> Problem statement
Without the pictures, restate all of the data below word for word.

> Records to process
Content starts
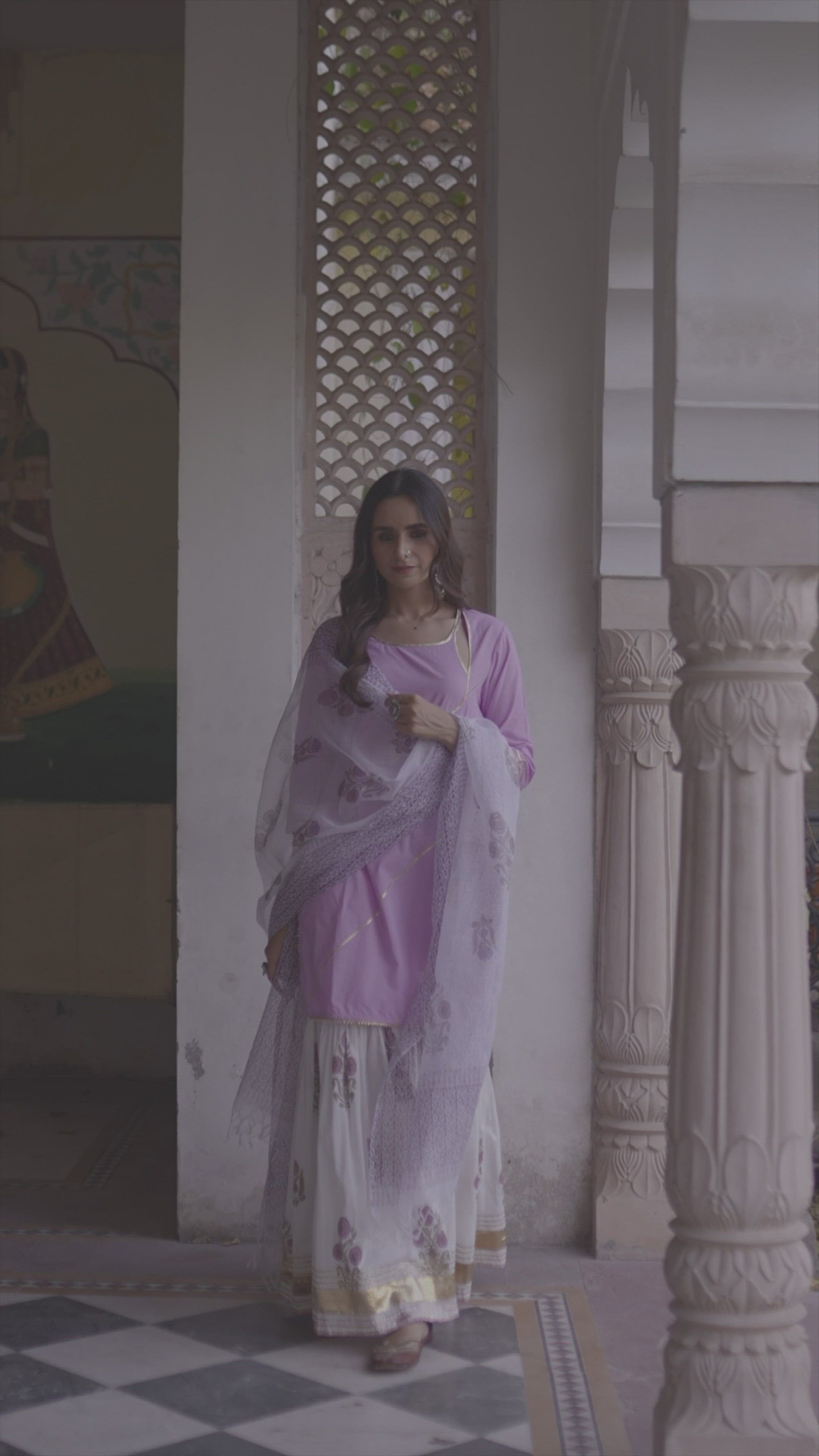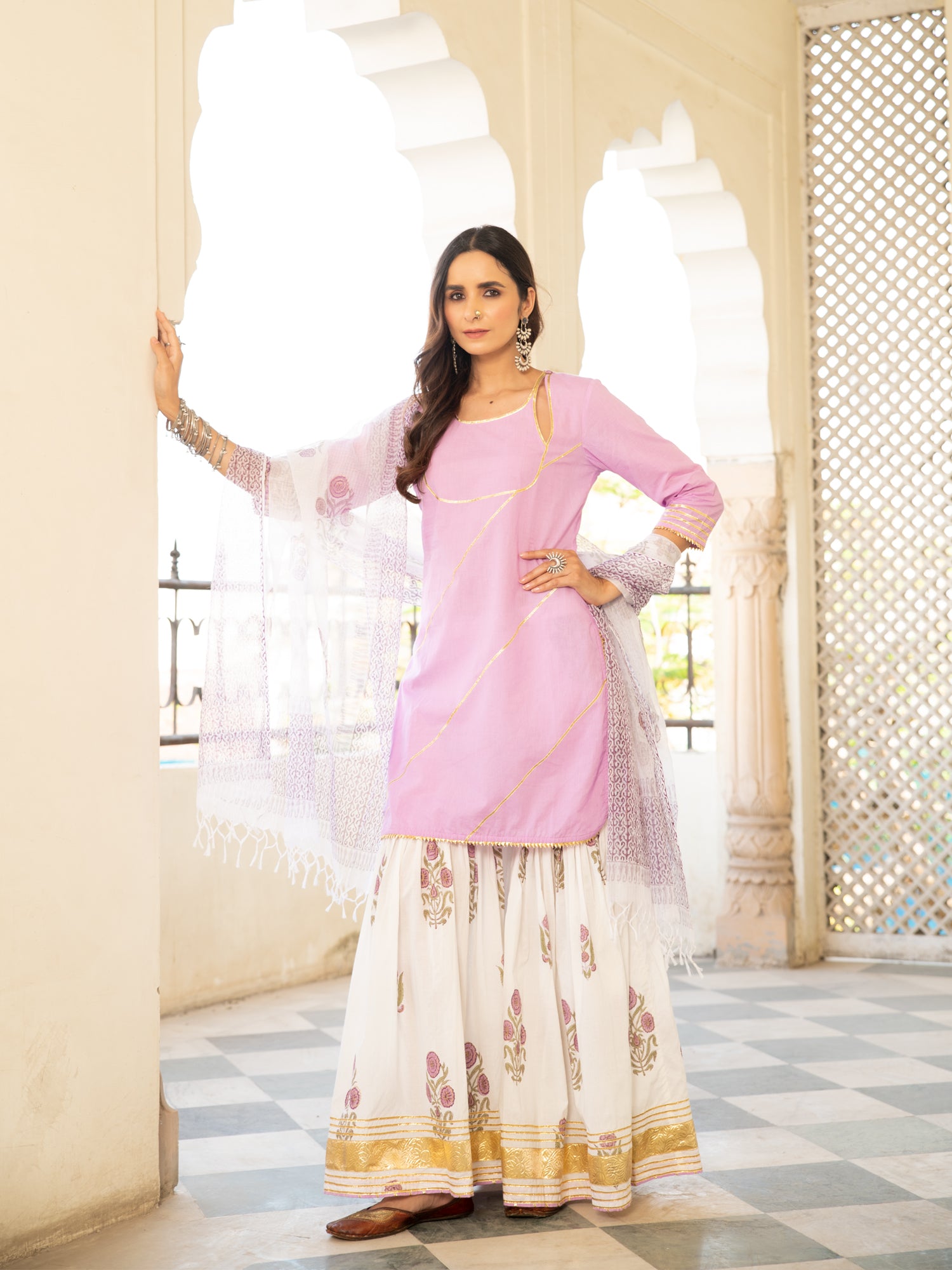 KURTA: A soft lavender hand block printed cotton kurta with gota dhari work.Â
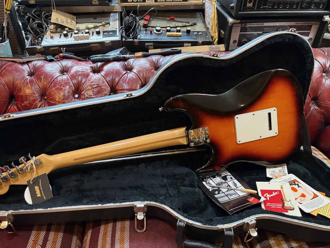 Comes with original red label Fender case, anniversary tags and trem arm.
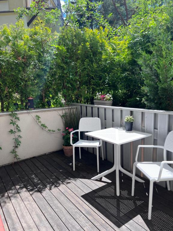 Apartament typu Deluxe. This spacious apartment features 1 living room, 2 separate bedrooms and 1 bathroom with a shower and a hairdryer. The fully equipped kitchenette has a stovetop, a refrigerator, a dishwasher and kitchenware. The apartment features a flat-screen TV with cable channels, a washing machine, soundproof walls, a tea and coffee maker as well as garden views. The unit has 4 beds. Powierzchnia pokoju ok.: 65 mkw. ;
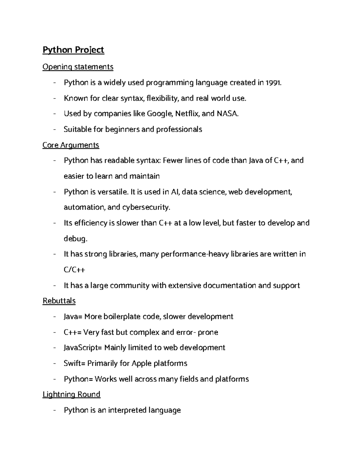 CS - Unit 5: Python Project Opening Statements and Core Arguments - Studocu
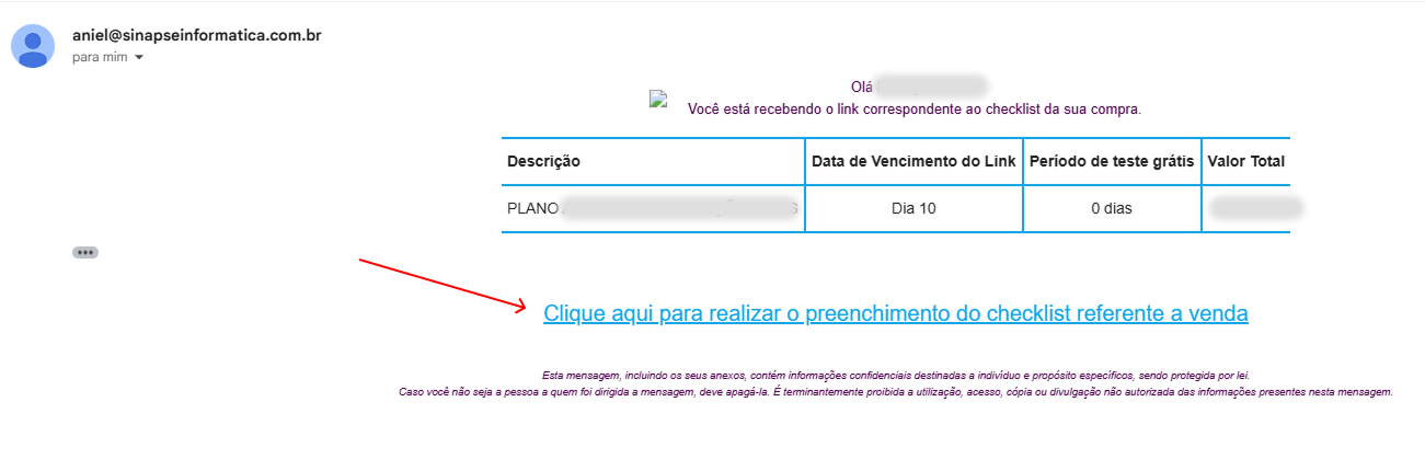 Ao clicar em Reenviar Checklist, e selecionar SIM na modal, será emitido novamente o checklist para preenchimento, que será enviado via link no e-mail cadastrado do cliente. Ao selecionar NÃO, a modal se fechará.
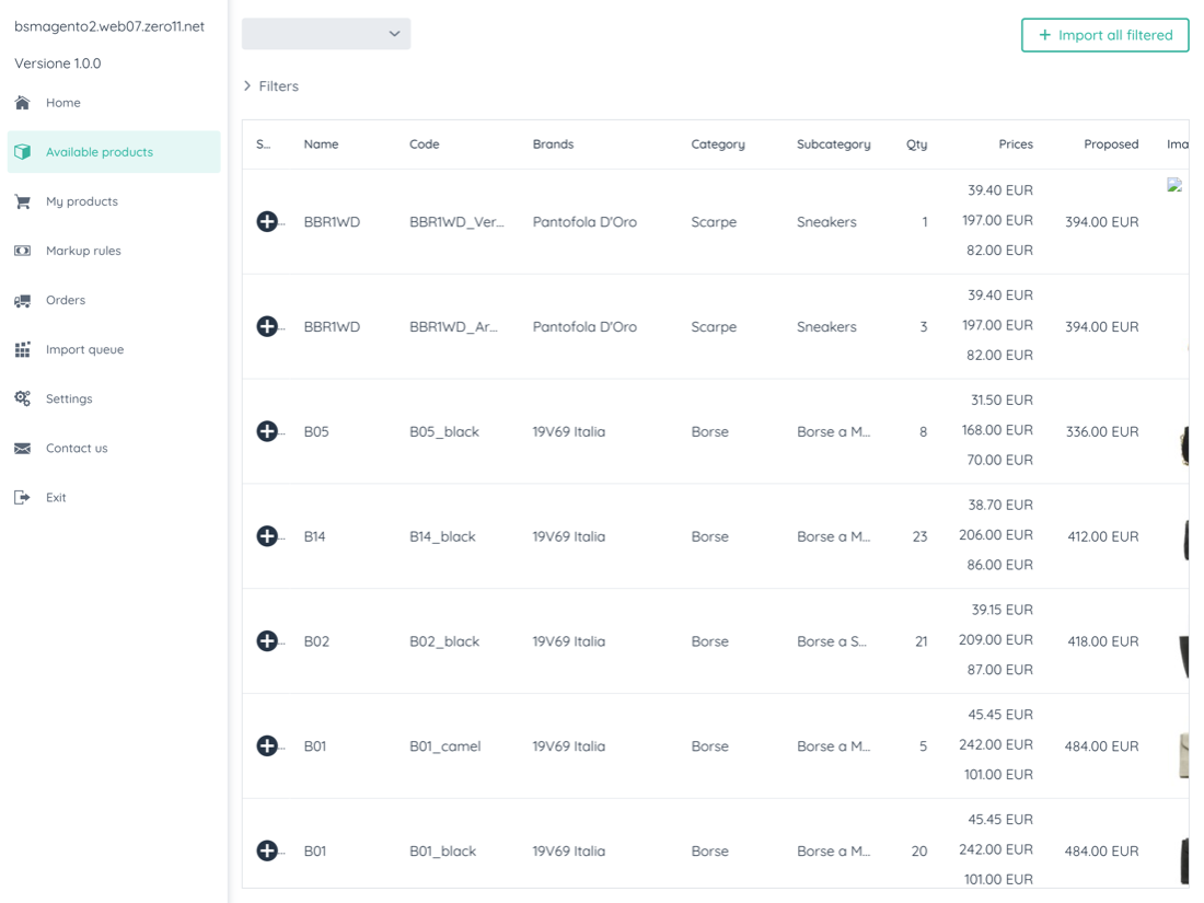 Through the Filters section it is possible to search for a specific product through the free search field. Or you can filter the product list by brand, category, subcategory, genre, season.
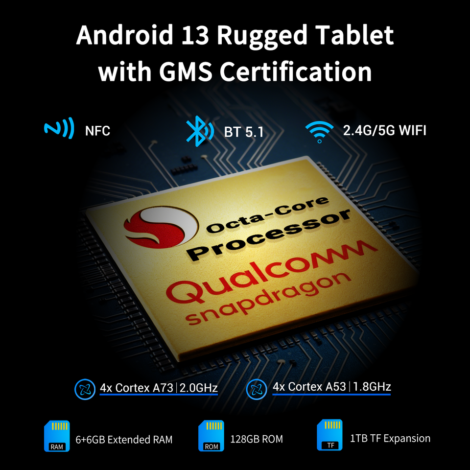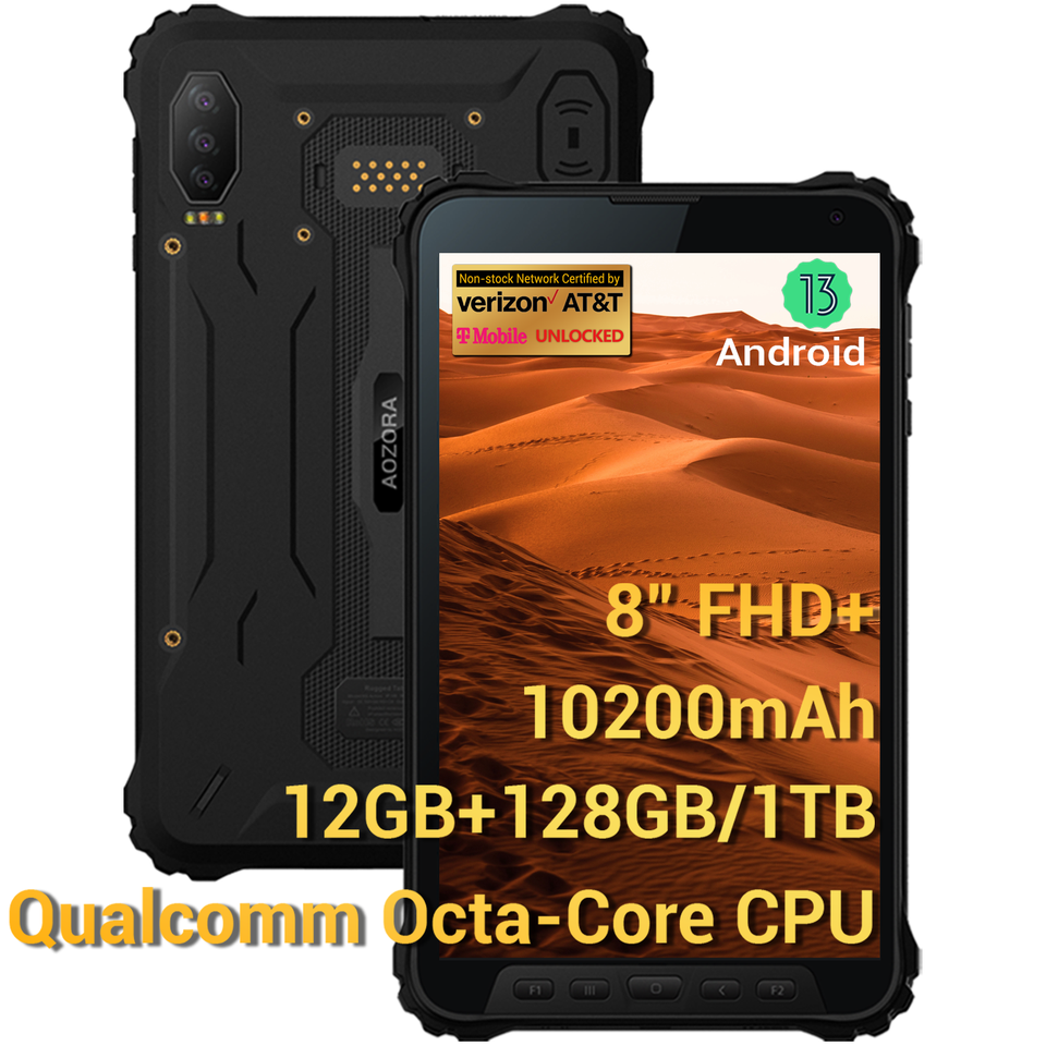 AOZORA K8 Tableta Industrial Resistente con Android, Pantalla de 8 Pulgadas, IP68 Resistente al Agua, CPU Qualcomm, 6GB de RAM, Cámara Macro, NFC, GPS, para Adultos/Niños
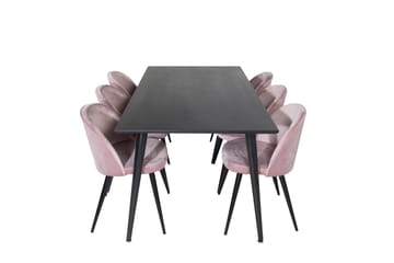 Polar Matgrupp 180 cm Rektangulär med 6 Velvet stolar, Svart
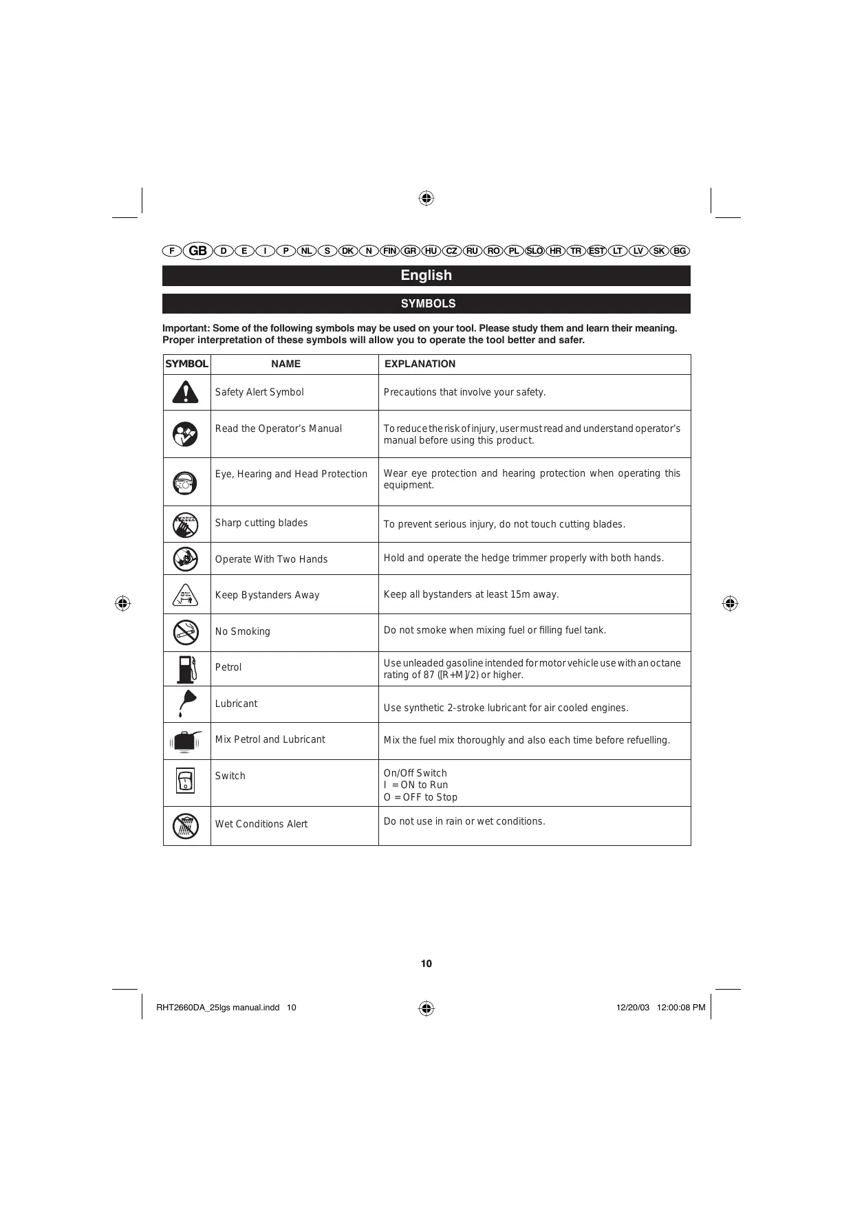 12/20/03 12:00:08 PM F GB D E I P NL S DK N FIN GR HU CZ RU RO PL SLO HR TR EST LT LV SK BG English SYMBOLS The following signal words and meanings are intended to explain the levels of risk associated with this product.
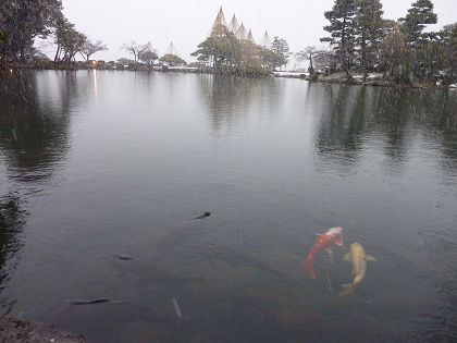 霞が池のコイたちに会いに行くと、みんなどことなくぼんやりしている。
Content ends
> Your solution
 KURTA: A soft lavender hand block printed cotton kurta with gota dhari work.Â
 Comes with original red label Fender case, anniversary tags and trem arm.
 Apartament typu Deluxe. This spacious apartment features 1 living room, 2 separate bedrooms and 1 bathroom with a shower and a hairdryer. The fully equipped kitchenette has a stovetop, a refrigerator, a dishwasher and kitchenware. The apartment features a flat-screen TV with cable channels, a washing machine, soundproof walls, a tea and coffee maker as well as garden views. The unit has 4 beds. Powierzchnia pokoju ok.: 65 mkw. ;
 CS - Unit 5: Python Project Opening Statements and Core Arguments - Studocu
 Ao clicar em Reenviar Checklist, e selecionar SIM na modal, será emitido novamente o checklist para preenchimento, que será enviado via link no e-mail cadastrado do cliente. Ao selecionar NÃO, a modal se fechará.
 Through the Filters section it is possible to search for a specific product through the free search field. Or you can filter the product list by brand, category, subcategory, genre, season.
 AOZORA K8 Tableta Industrial Resistente con Android, Pantalla de 8 Pulgadas, IP68 Resistente al Agua, CPU Qualcomm, 6GB de RAM, Cámara Macro, NFC, GPS, para Adultos/Niños
 Polar Matgrupp 180 cm Rektangulär med 6 Velvet stolar, Svart
 12/20/03 12:00:08 PM F GB D E I P NL S DK N FIN GR HU CZ RU RO PL SLO HR TR EST LT LV SK BG English SYMBOLS The following signal words and meanings are intended to explain the levels of risk associated with this product.
 霞が池のコイたちに会いに行くと、みんなどことなくぼんやりしている。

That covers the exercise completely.